What you need to do >> The reply should contain all the data below, repeated exactly, and none of the images.

Data >>
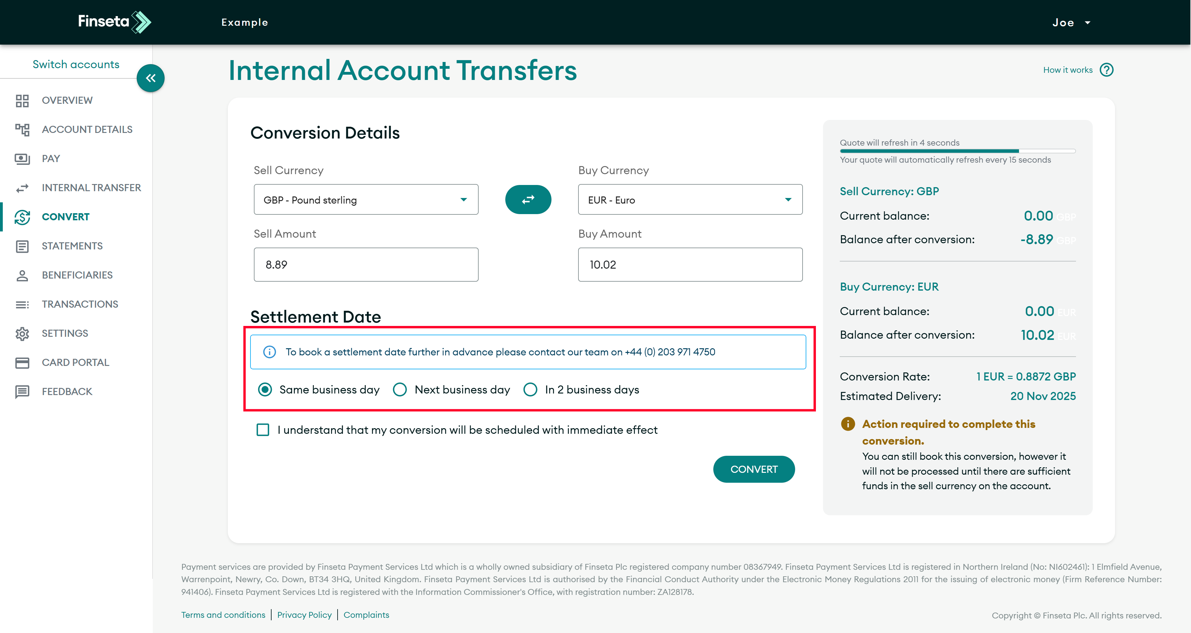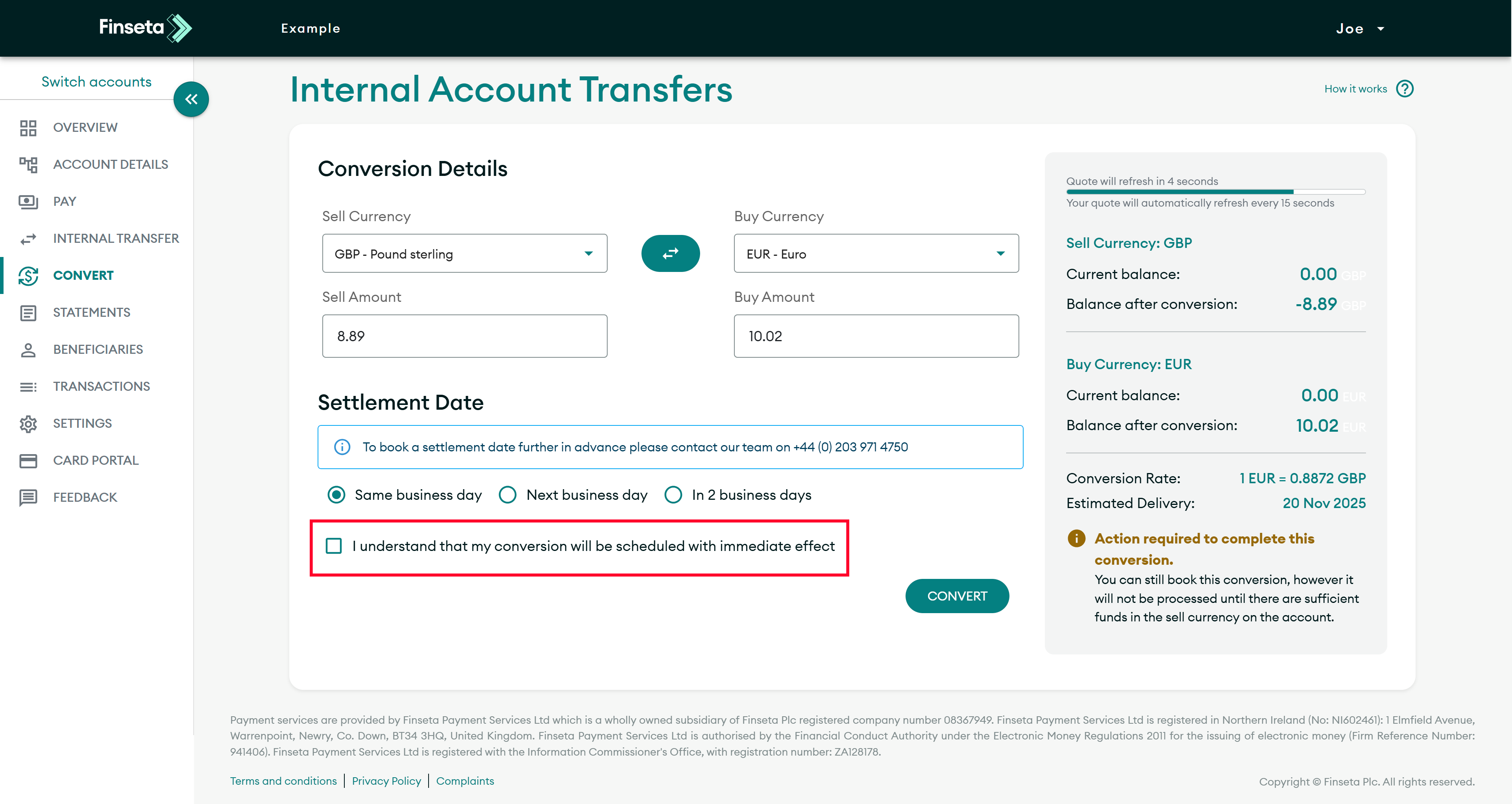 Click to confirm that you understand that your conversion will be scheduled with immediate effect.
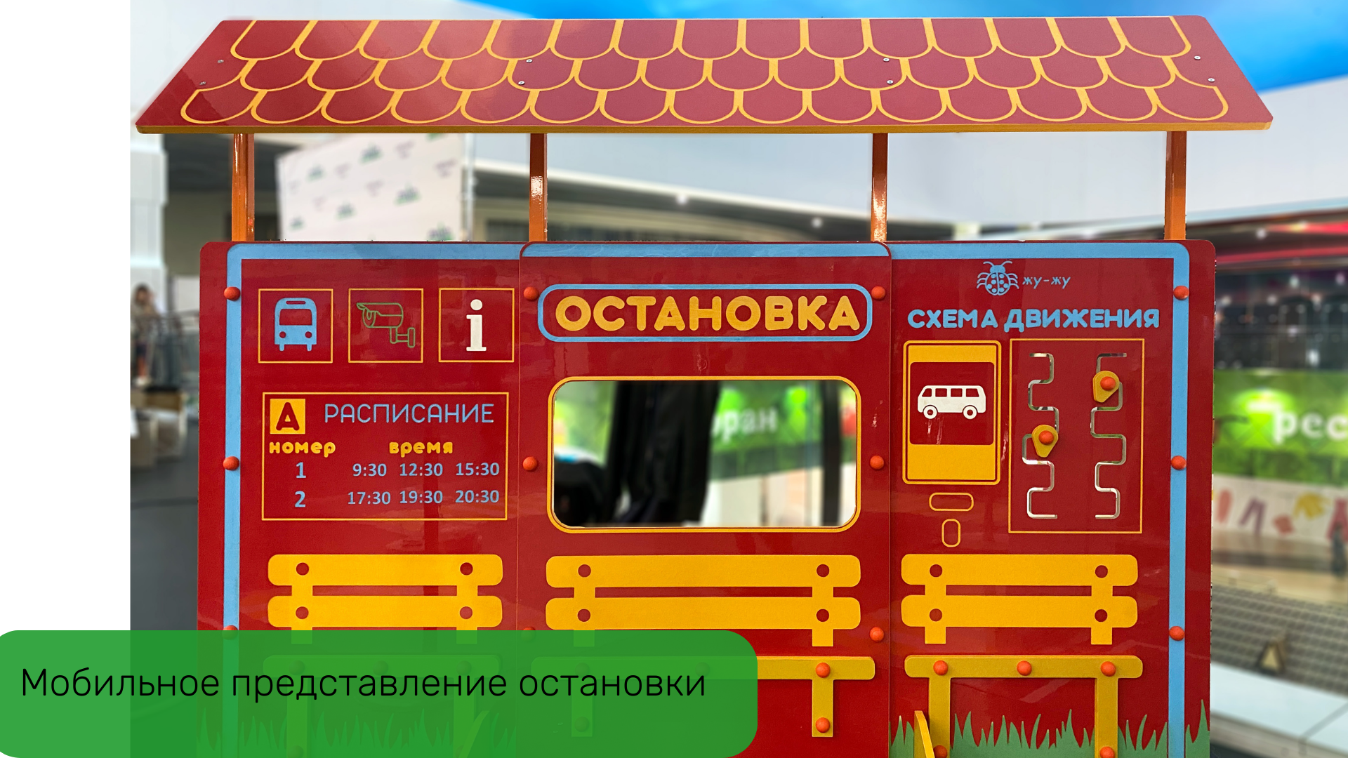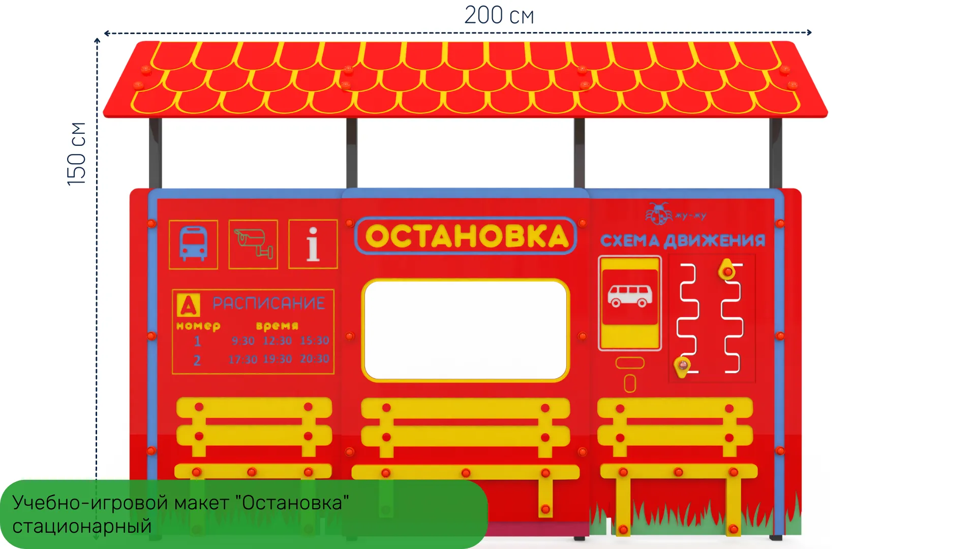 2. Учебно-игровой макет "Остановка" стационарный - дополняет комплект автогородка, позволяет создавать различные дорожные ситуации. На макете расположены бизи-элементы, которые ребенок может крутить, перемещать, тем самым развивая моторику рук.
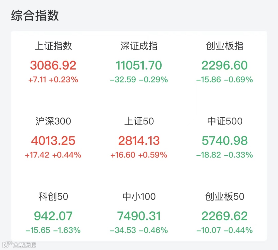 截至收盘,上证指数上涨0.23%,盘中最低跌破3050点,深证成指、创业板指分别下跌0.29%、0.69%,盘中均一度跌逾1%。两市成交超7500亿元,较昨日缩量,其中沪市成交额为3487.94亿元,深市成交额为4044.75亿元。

Result of this task >>
 Click to confirm that you understand that your conversion will be scheduled with immediate effect.
 2. Учебно-игровой макет "Остановка" стационарный - дополняет комплект автогородка, позволяет создавать различные дорожные ситуации. На макете расположены бизи-элементы, которые ребенок может крутить, перемещать, тем самым развивая моторику рук.
 截至收盘,上证指数上涨0.23%,盘中最低跌破3050点,深证成指、创业板指分别下跌0.29%、0.69%,盘中均一度跌逾1%。两市成交超7500亿元,较昨日缩量,其中沪市成交额为3487.94亿元,深市成交额为4044.75亿元。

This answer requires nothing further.